Creating a space of safety is important to help the griever feel safe “enough to cry, safe enough not to be perfect,” she said. For those around the person grieving, it’s important to respect the fact that this person is scattered and needs time to heal. Often people judge the person grieving, because they remember what they were like before the tragedy. Comparing someone to what he or she used to be is not healthy. Support that person, she said, and help them find themselves again.

Recovery

“Love is the essence of our existence; love is the most important energy of life itself,” Savitri said.

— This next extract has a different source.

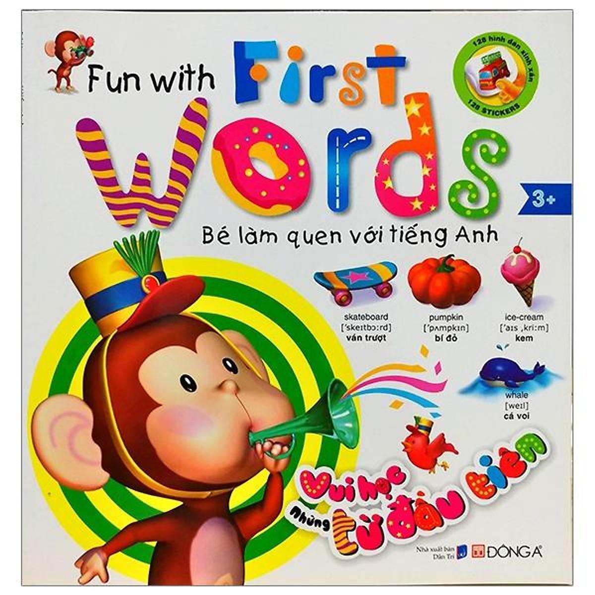 Bé yêu của bạn đang ở vào độ tuổi từ 3-5, ba mẹ muốn bé tập làm quen với tiếng Anh để sớm phát triển khả năng ngoại ngữ? Làm thế nào để biến việc học nặng nề thành những trò chơi vui vẻ dành cho bé? Bộ sách Bé làm quen với tiếng Anh gồm 3 cuốn: First picture words object (Đồ vật quanh em), Fun with First words (Vui học những từ đầu tiên) và Bogie Bear learns words (Gấu Bogie học từ) sẽ giúp bé học tiếng Anh thật dễ dàng. Bogie Bear learns words (Gấu Bogie học từ) là cuốn sách thích hợp cho các bé từ 5 tuổi. Đây là cuốn từ điển Anh – Việt bằng hình giúp phát triển các kỹ năng tiếng Anh cho trẻ. Các từ trong cuốn sách này được chia theo các tình huống và chủ đề trong cuộc sống hằng ngày của gia đình gấu Bogie. Ví dụ, chiếc gối, chiếc chăn hay chiếc đèn bàn là những vật dụng thường có trong phòng ngủ nên được xếp vào nhóm Phòng ngủ, và cứ thế, các em sẽ nhớ lâu hơn. Ngoài ra, mỗi từ tiếng Anh luôn có kèm phần nghĩa tiếng Việt và phần phiên âm giúp các em có thể tự đọc và viết một cách chính xác. Đồng thời, ở cuốn sách này, trẻ còn được học cách sử dụng các động từ thông dụng kết hợp với các danh từ và làm quen với những câu tiếng Anh đơn giản, thông qua đó các em sẽ có những khái niệm đầu tiên về ngữ pháp tiếng Anh cơ bản để từ đó học tiếp ở trình độ cao hơn. Chưa hết, với các minh họa nhiều màu sắc và các nhân vật đáng yêu cũng khiến việc học tiếng Anh trở nên thú vị và thật cuốn hút. Vui học từ đầu tiên: Với bộ sách này bé sẽ được làm quen với Mony và Bunji - hai bạn nhỏ sẽ giúp các bé nhận biết các từ tiếng Anh chỉ đồ vật, sự vật quen thuộc trong cuộc sống hàng ngày. Lật giở mỗi trang sách, Mony và Bunji sẽ lần lượt giới thiệu cho các bé các từ cơ bản theo từng lĩnh vực: ăn uống, rau quả, hoa, con vật, thể thao, trò chơi, hình dạng, nhạc cụ, số đếm… Những từ này được in với cỡ chữ to dễ đọc và được chia thành 14 nhóm kèm theo 128 hình minh họa đẹp, sinh động giúp bé dễ dàng ghi nhớ từ vựng. Bên cạnh Những từ thú vị, bé còn được tham gia Những trò chơi bổ ích thông qua việc tập suy nghĩ và nhận biết sự vật bằng việc trả lời các câu hỏi hay chơi dán hình với các hình dán ngộ nghĩnh được sắp xếp ở hai trang đầu cuốn sách.Đặc biệt, để việc sử dụng bộ sách được thuận tiện, hiệu quả, ba mẹ sẽ tìm thấy những hướng dẫn vô cùng hữu dụng ở phần Lời khuyên dành cho phụ huynh với các chỉ dẫn về cách thức dạy bé học, bé đọc và phần Phát âm để bé hiểu cách đọc, cách nhấn mạnh từ ra sao trước các ký hiệu (') hay (). Sách dành cho các bé từ 3 tuổi trở lên. First picture words object (Đồ vật quanh em) bao gồm 160 hình minh họa cho các từ song ngữ Anh – Việt kèm theo phiên âm chỉ những đồ vật quen thuộc trong cuộc sống hằng ngày. Những từ này được xếp vào 20 nhóm có chung một số đặc điểm để giúp bé đọc tên và học thuộc một cách dễ dàng như: Phòng tắm,Phụ kiện, Phòng bếp, Tại bàn ăn, Phòng khách, Đồ chơi, Đồ điện gia dụng, Đồ vệ sinh, Dụng cụ, Dụng cụ làm vườn, Phương tiện giao thông, Du lịch, Đi học, Lớp học, Sân chơi, Dụng cụ thể thao, Nhạc cụ… Bên cạnh Những từ thú vị, bé còn được Chơi dán hình với các hình dán ngộ nghĩnh được sắp xếp ở hai trang đầu cuốn sách. Ba mẹ có thể hướng dẫn bé chọn hình và dán với từ tương ứng để ôn lại và tăng cường kỹ năng ghi nhớ từ vựng. Đặc biệt, để việc sử dụng bộ sách được thuận tiện, hiệu quả, ba mẹ sẽ tìm thấy những hướng dẫn vô cùng hữu dụng ở phần Lời khuyên dành cho phụ huynh với các chỉ dẫn về cách thức dạy bé học, bé đọc và phần Phát âm để bé hiểu cách đọc, cách nhấn mạnh từ ra sao trước các ký hiệu (') hay (). Sách dành cho các bé từ 3 tuổi trở lên.

When you are relying on loved ones to love you during the grieving process, it can be extremely difficult. That person who once supported and loved you may no longer be there. Yes, we can rely on our friends and family for support and comfort but the healing process will take time, so patience and caring for your health is necessary. Beginning anew can be hard, but everyone can find a way to heal, for Savitri it’s meditation.

Methods of healing

There are many helpful methods to start the healing process. For example, getting massages “because you are missing [her/his] touch.” When you are in a state of shock, the body tightens and you slowly lose connection with your own skin. Your nervous system and your skin become very tight. In a deep state of grief, the whole body gets sick. You get the sense that the world is not safe, so when someone touches you in a very safe way, it can be a very positive experience. Using water as a way of healing is also good. For example, being in a bathtub soothes the nerves. Exercises, and specifically yoga, that benefit your emotional, mental and physical state of body and mind can play a key role in your healing journey. Also, walks, bright colors, laughter and eating healthy are all good tools to help you get your life and energy back.

Conversations

Sharing your grief with someone else is another healing tool. Talking about your feelings is important, especially with people who are looking out for your best interest. Talk about the changes happening within you. Being open and feeling heard can be very helpful.

For someone who saw death in a non-peaceful way, Savitri has had to look at life from a very different angle. Talking about it and sharing her story has helped her, and others. Now she understands death and doesn’t fear it, which has helped her cope. Her Heartfull Meditation sessions have been the key to helping her live in peace.